Quem acompanha tênis já viu Novak Djokovic rasgar camisa, discutir com árbitros e/ou técnicos, provocar a torcida, quebrar raquetes e até destruir um pedaço de um banco de Roland Garros. Nos bons e maus momentos, o número 1 do mundo joga com o coração tanto quanto com a cabeça, e isso fica evidente em cada partida importante, seja num Masters 1000, num ATP Finals, na Copa Davis ou em uma final de Grand Slam.

O Nole que entrou na Quadra Central neste domingo para a memorável final de 4h57min* contra Roger Federer (a mais longa da história das simples masculinas em Wimbledon) muito mais cabeça do que coração.
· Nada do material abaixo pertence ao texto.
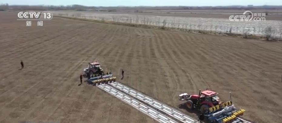 眼下,新疆瑪納斯縣65萬畝棉花全面開播。在文家莊村的棉田里,五臺(tái)裝有北斗導(dǎo)航系統(tǒng)的大馬力拖拉機(jī),正按照預(yù)先設(shè)定的播種線路,進(jìn)行精量播種。

Manteve-se discreto nas comemorações, tímido nas reclamações e contido quando poderia ter perdido a cabeça em uma partida com margens tão pequenas para sequências ruins.

Djokovic sabia o tamanho do desafio que tinha pela frente. Do outro lado da rede, um Roger Federer mais tático, mais maduro, movimentando-se como nunca e vindo de uma atuação gloriosa contra Rafael Nadal. Mas não era só isso. Contra ele estava a torcida de Wimbledon, sempre apaixonada pelo tênis encantador e baryshnikovesco do Maestro. Não havia espaço para inflar o desafio com momentos de instabilidade.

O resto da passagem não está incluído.